Para a Alemanha, que anunciou horas após o resultado do segundo turno, juntamente com a Noruega, a retomada do Fundo Amazônia após três anos de paralisação, os compromissos petistas são “muito animadores”. Tom similar foi adotado por John Kerry, enviado especial do clima do presidente dos EUA, Joe Biden.

— Sabemos o que o presidente eleito Lula fez quando esteve na Presidência e sabemos o que ele está preparado para construir — disse o czar climático da Casa Branca durante o evento de lançamento da parceria, que na América do Sul tem a participação de Colômbia, Equador e Guiana.

De 2004 a 2012, nos governos de Lula e de Dilma Rousseff, o desmate caiu 80% na Amazônia, em parte devido ao sucesso do Plano de Ação para Prevenção e Controle do Desmatamento na Amazônia Legal. Nos últimos três anos, em meio às catastróficas políticas ambientais do presidente Jair Bolsonaro, subiu 73%.

Os dados do sistema Prodes do Instituto Nacional de Pesquisas Espaciais (Inpe) referentes ao último ano fiscal ainda não são conhecidos, apesar de sua divulgação habitualmente ocorrer no fim de outubro. Em 2021, foram liberados pouco após a COP26, apesar de vir à tona que estavam prontos desde antes doevento.

Não é só no Brasil que há retrocessos: para cumprir a promessa, segundo dados lançados pelo projeto de monitoramento Global Forest Watch, o mundo precisaria reduzir o desmate em 10% ao ano entre 2021 e 2030. No ano passado, a queda foi de apenas 6,3%.

Ao longo das últimas duas décadas, as taxas de desmatamento na República Democrática do Congo, lar da segunda maior floresta tropical do planeta, são as maiores da História. A Indonésia, que completa o top 3 das áreas de floresta tropical, vem conseguindo reduzir suas taxas. Segundo informações antecipadas pela agência Reuters em agosto, os petistas negociam com os governos de ambos países uma aliança de preservação. O ex chanceler Celso Amorim, um dos principais conselheiros de Lula, já havia sinalizado no mês passado que o petista planeja uma cúpula ambiental para o ano que vem.

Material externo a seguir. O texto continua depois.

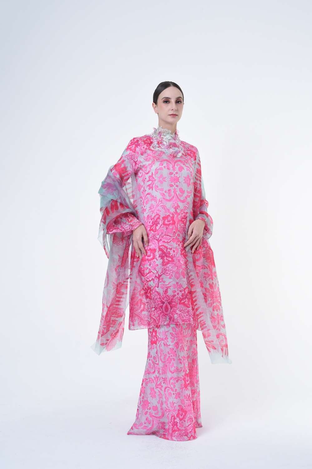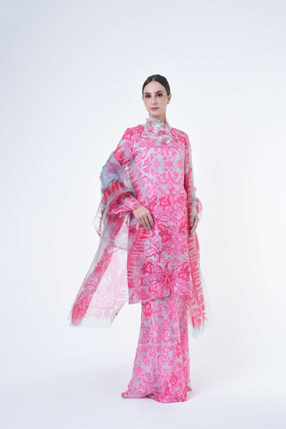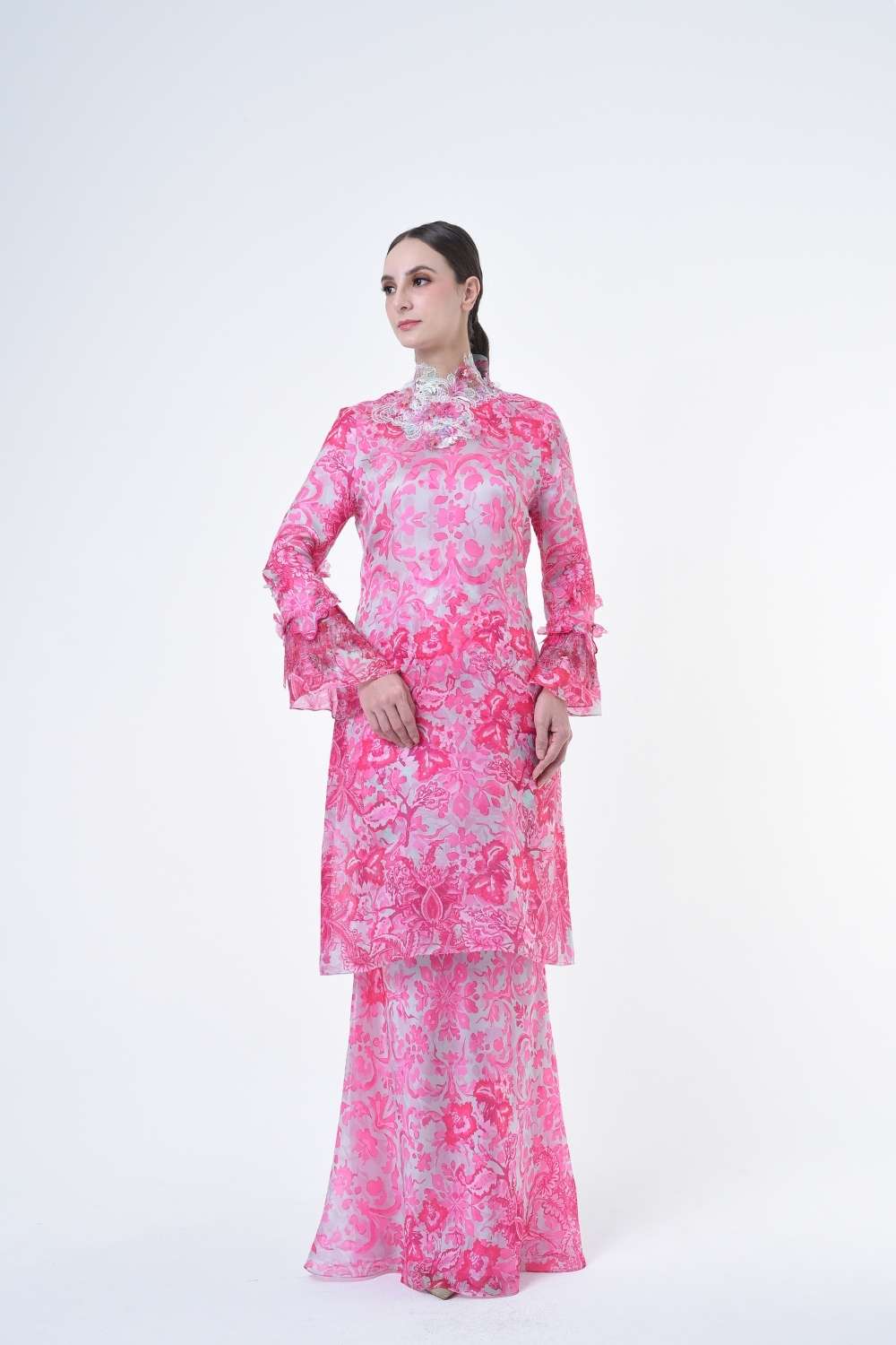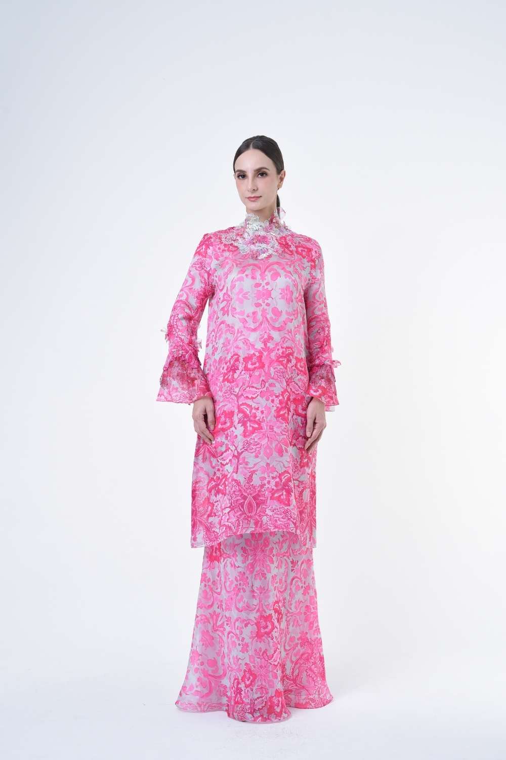 This stylish two-piece set features a loose A-cut top in the long modern Kurang style, paired with a bias cut skirt. Embroidery edge finishing , Layered Lace details attach on bottom of sleeves with laser cut flowers enhance the beauty with diamanté with Designed with a contemporary geomatic and floral motif, it offers a fresh and versatile look, perfect for any occasion. Tailored for the confident, stylish woman, this collection exudes effortless elegance and charm
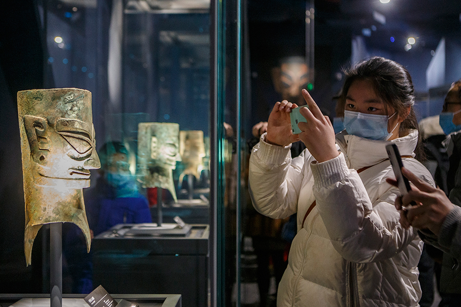 Visitors at a museum in Guanghan, Sichuan province, take photos on Jan 24, 2023 of a gold mask discovered among the Sanxingdui Ruins. [PHOTO by LI DONG/FOR CHINA DAILY]
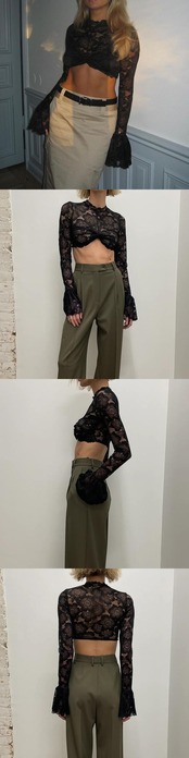 送料無料 暗号レース薄手のフレアスリーブ Tシャツクロップドトップス女性の衣装ストリートスリムトップス Tシャツ服 AE123565588769618815642 | 女性の為の通販サイト-fashion navi
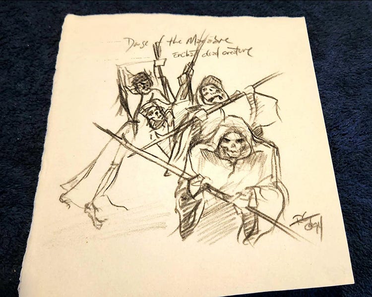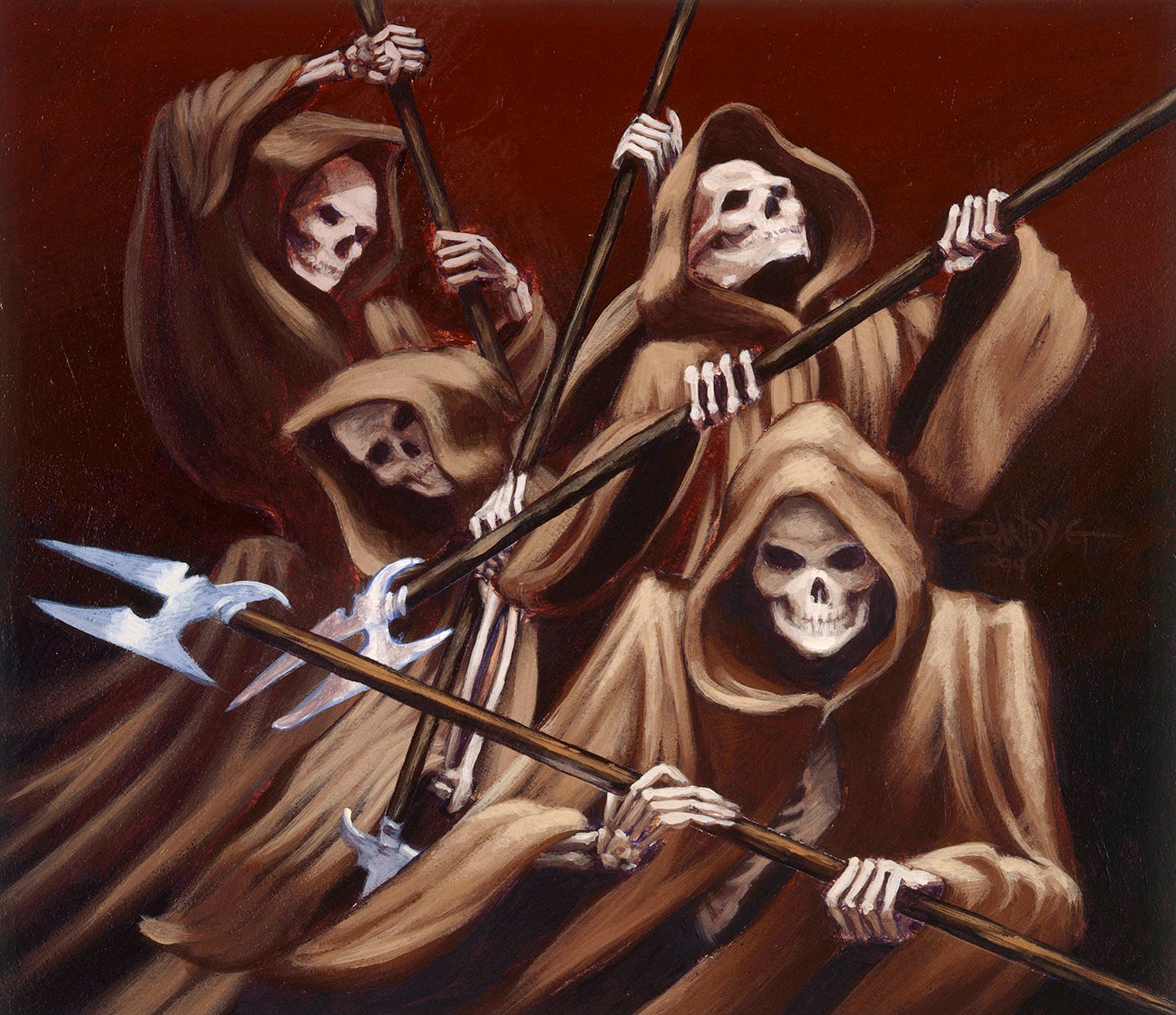 Dance of the Dead was my favorite of my contributions to that set at the time, and I was thrilled to see public appreciation of it when it released. I held onto it longer than most early era Magic paintings, and sold it for a tidy sum when I parted with it in 2000 or 2001. A tidy sum at the time, compared to the going rate of most Magic originals then! So I was thrilled to see it come up on the secondary market not long ago, and to watch it set a new record for a painting of mine. I never discuss numbers, but being a public sale I wasn’t remunerated for, I’ve got no problem doing so here. It’s not because the art is so awesome of course: it was used in a tremendously popular product, was an early and therefore scarce painting from those early years, was never reprinted which means it never had its art replaced and improved on. All these contribute of course, with Magic having a very unique collector base and market overall compared to the art world at large.
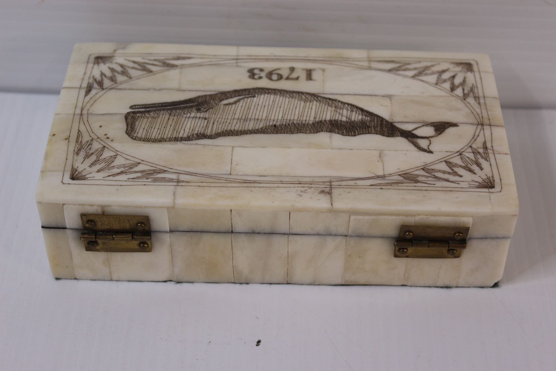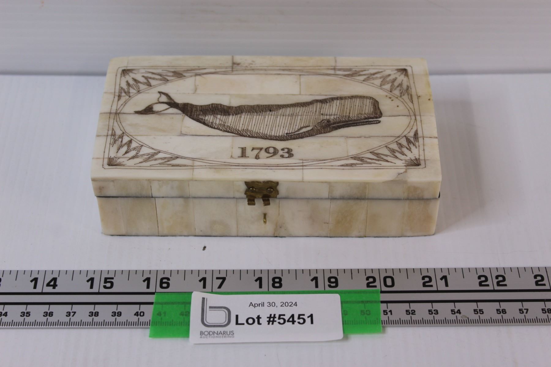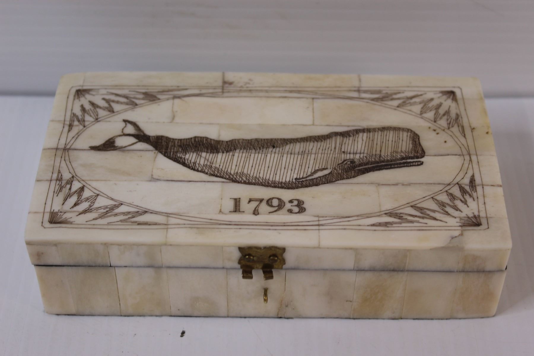 Whale Bone Replica 1793 Scrimshaw Reproduction Trinket / Jewelry Box
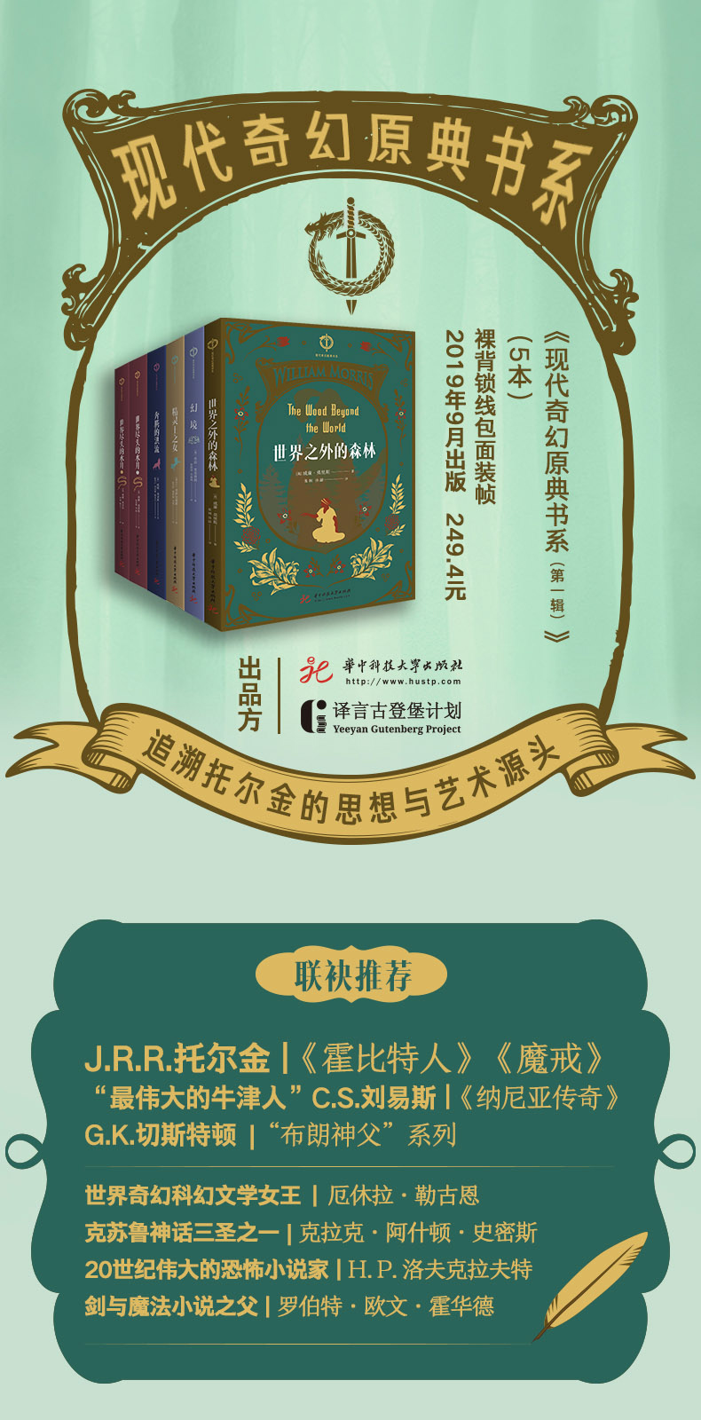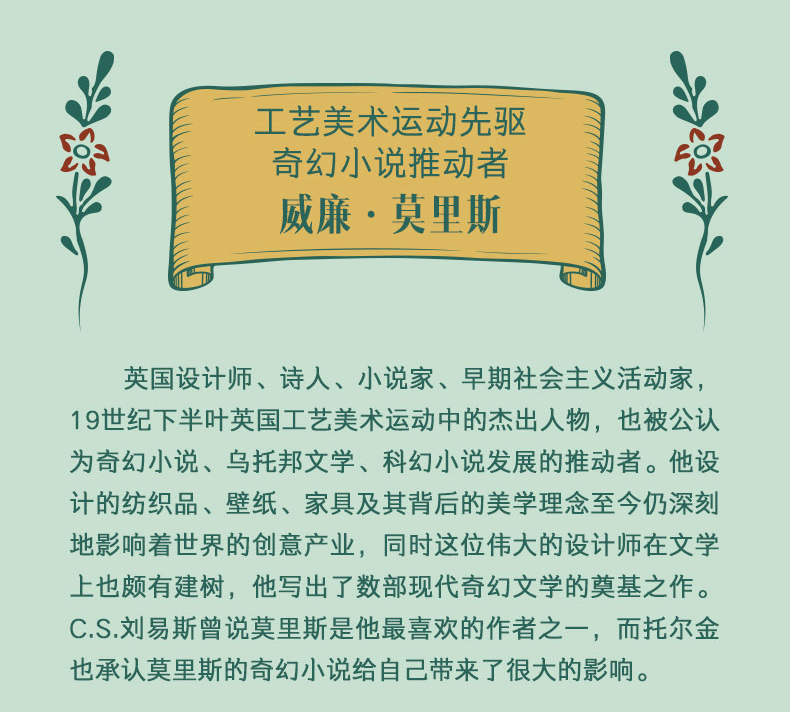 威廉·莫里斯(1834-1896)英国设计师、诗人、小说家、早期社会主义活动家,19世纪下半叶英国工艺美术运动中的杰出人物,也被公认为奇幻小说、乌托邦文学、科幻小说发展的推动者。他设计的纺织品、壁纸、家具及其背后的美学理念至今仍深刻地影响着世界的创意产业,同时这位伟大的设计师在文学上也颇有建树,他写出了数部现代奇幻文学的奠基之作,如《世界尽头的水井》《世界之外的森林》等。 作为欧洲中世纪历史文学的爱好者,莫里斯的小说带着强烈的欧洲中世纪风格——纯粹架空的世界。在莫里斯的奇幻故事中,“我们不再去异国他乡冒险,穿梭在奇怪的梦中,渴望跑到未来”。C.S.刘易斯曾说莫里斯是他喜欢的作者之一,而托尔金也承认莫里斯的奇幻小说给自己带来了很大的影响。

Os países da parceria liderada pelo Reino Unido e coordenada pelos EUA e por Gana representam juntos quase 60% do Produto Interno Bruto (PIB) mundial. Rússia, China, República Democrática do Congo e Peru são ausências sentidas ao lado do Brasil, no entanto —o quinteto sozinho abriga quase metade das florestas tropicais do mundo.

US$ 2,4 trianuais até 2030

Na COP26, 12 países anunciaram US$ 12 bilhões de financiamento público para a proteção florestal em países em desenvolvimento, e cerca de 22% da quantia já foram gastos. O único sinal de novos investimentos públicos até agora veio da Alemanha, que se comprometeu a dobrar sua ajuda internacional para a preservação de US$ 1 bilhão para US$ 2 bilhões até 2025. O financiamento climático continuou a ser chave no segundo dia de debates, com países pobres e em desenvolvimento pedindo maior compromisso.

E segundo um relatório das presidências da COP27 e da COP26, em Glasgow, as promessas atuais estão muito aquém do necessário: os países emergentes, com exceção da China, precisarão de até US$ 2,4 trilhões/ano até 2030 para combater as mudanças climáticas, e quase metade do valor deverá vir de investidores internacionais, países ricos ou organismos multilaterais.